Doing a quick search, it seems that the majority of drowning and/or asphyxiation images (at least, the ones tagged as such) are not tagged as snuff.

Oh no an implication definitely wouldn't work, and I wouldn't suggest that. The tags just overlap enough to be worth mentioning (more in a "tag cleanup" sense).

Updated by anonymous

parasprite said:
Oh no an implication definitely wouldn't work, and I wouldn't suggest that. The tags just overlap enough to be worth mentioning (more in a "tag cleanup" sense).

Ah, gotcha. What are the tag guidelines for snuff anyway?
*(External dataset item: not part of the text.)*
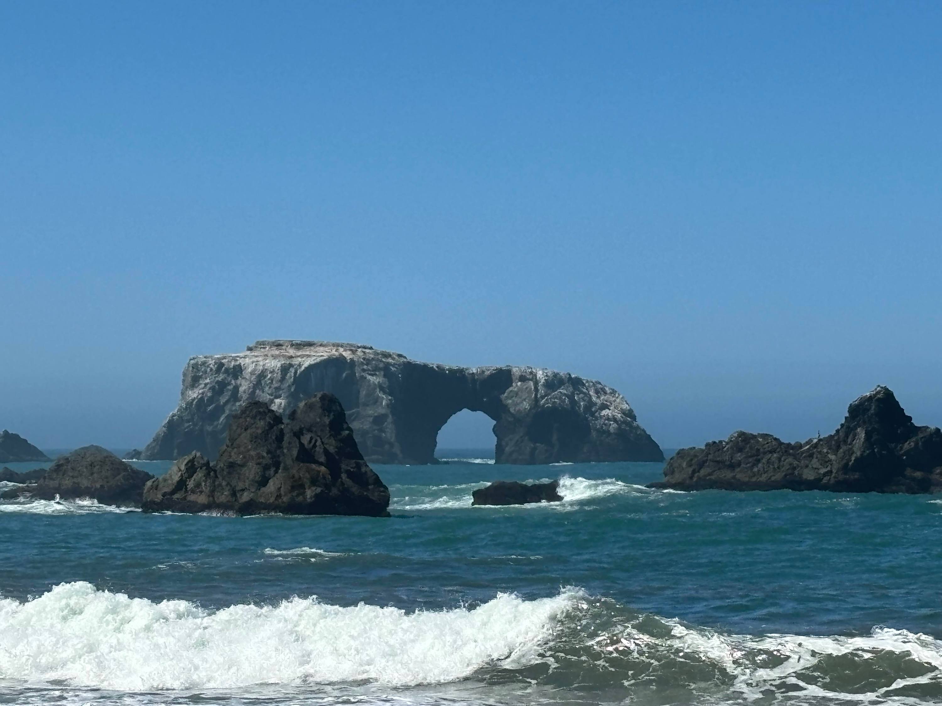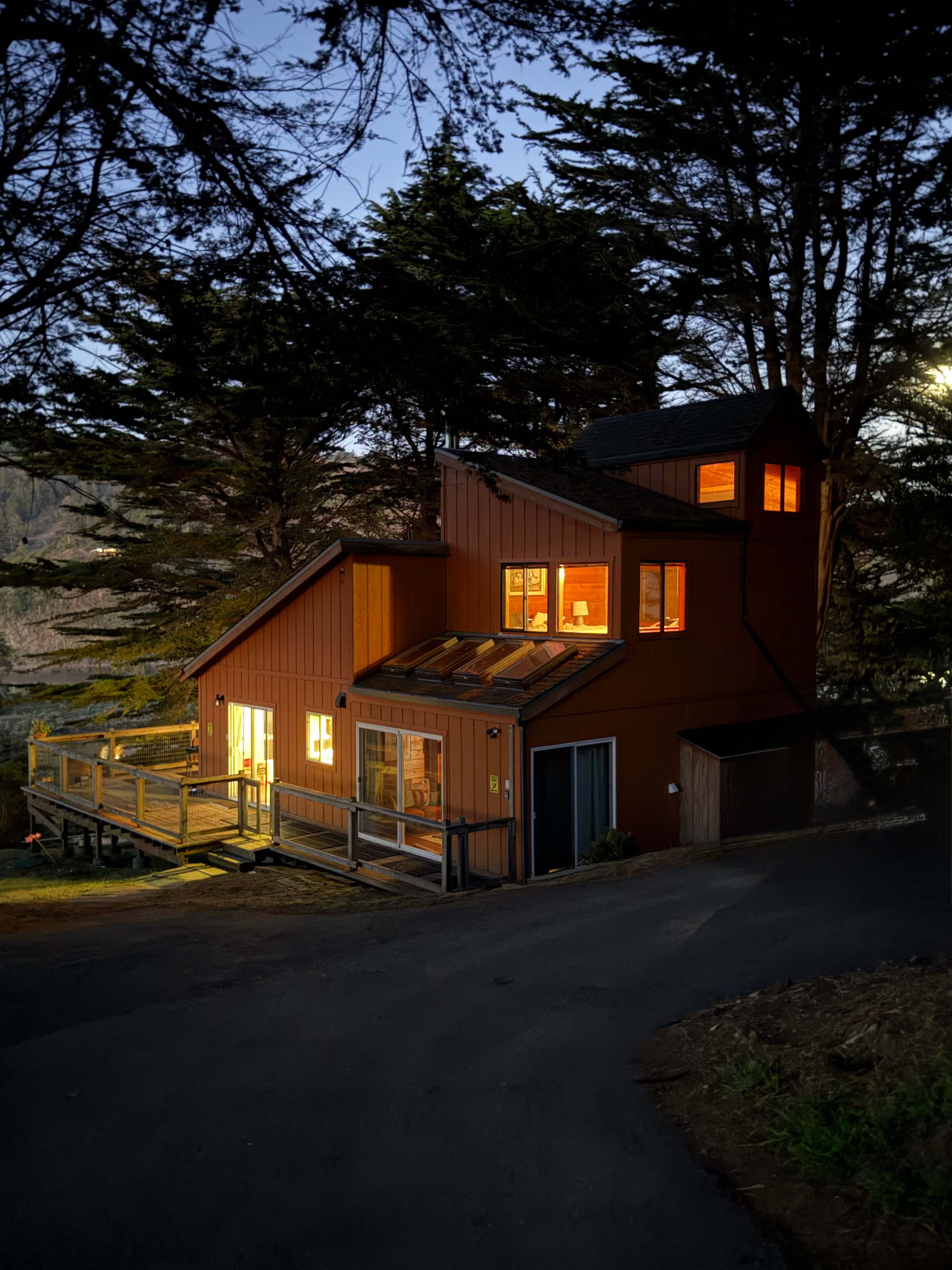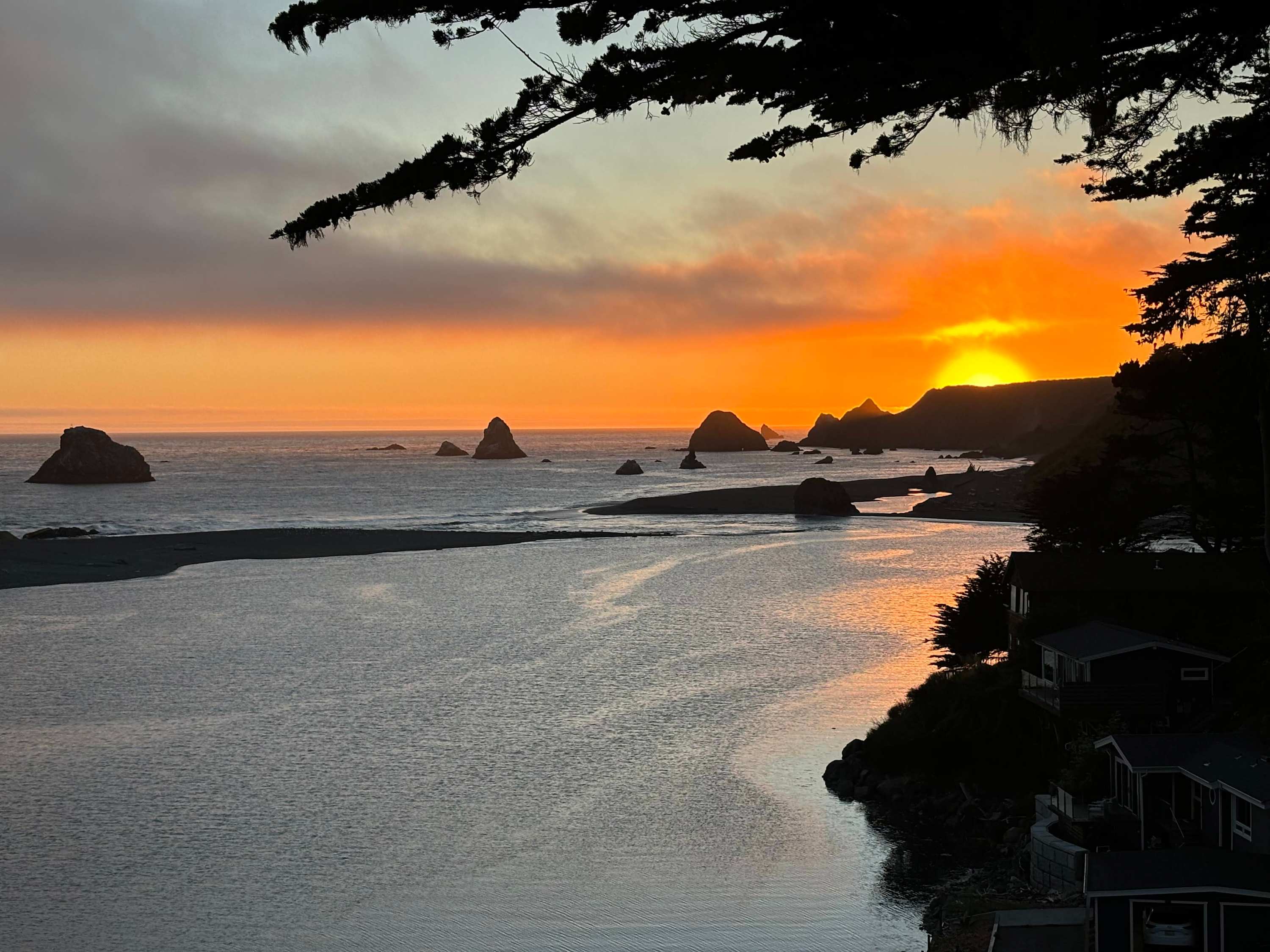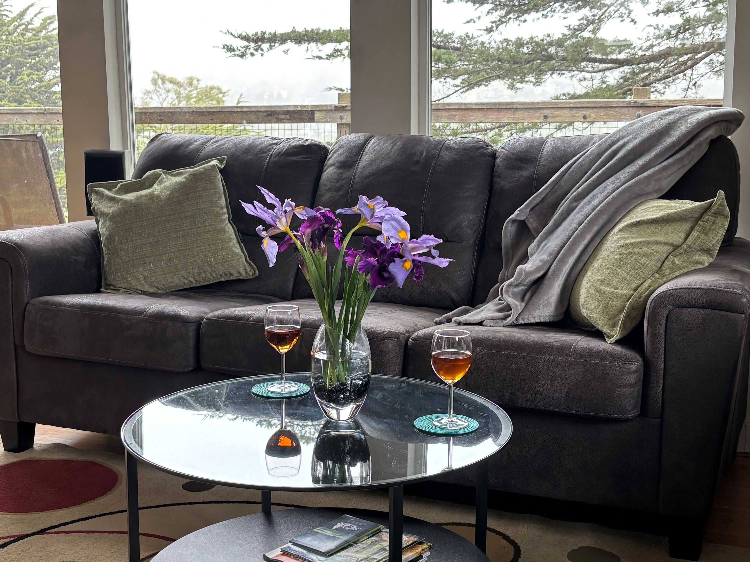 Perched on a hill within Goat Rock State Park in Jenner, CA, Tidesong is a quiet riverfront home at the mouth of the Russian River, where the ocean meets the river. Sit back, relax, unwind and enjoy the coast at your own pace. With a wraparound deck, private hot tub, cozy wood stove, and river views from most rooms, it’s easy to spend your days relaxing, cooking at home, or exploring nearby beaches and trails.

The wiki page gives a different description than I've heard in the past; usually I think of 'guro' when I think of extreme torture/pain, and snuff if it has death.

Updated by anonymous

Tynach said:
Ah, gotcha. What are the tag guidelines for snuff anyway? The wiki page gives a different description than I've heard in the past; usually I think of 'guro' when I think of extreme torture/pain, and snuff if it has death.

There isn't really a whole lot at this point. I had written the wiki a while back while organizing the blood/gore/death-related tags and based it mostly off of what it was being used for at the time.

Considered creepy and weird even among the Furry fandom, "snuff" images and animations depict characters being killed (usually murdered) in such a way as to bring fans of the concept sexual pleasure. (source]

This was what it was before I touched it, which didn't seem like a particularly clear definition based on what it was being used for, so I rewrote it.

'guro'

This is probably where I would stick that too, however guro was aliased to gore, which isn't exactly the same thing. I'd almost think an implication from guro -> gore and guro -> snuff might almost work, but there are probably cases where it wouldn't (also I'm not really sure how I feel about bringing guro back since it's meaning overlaps with gore so much).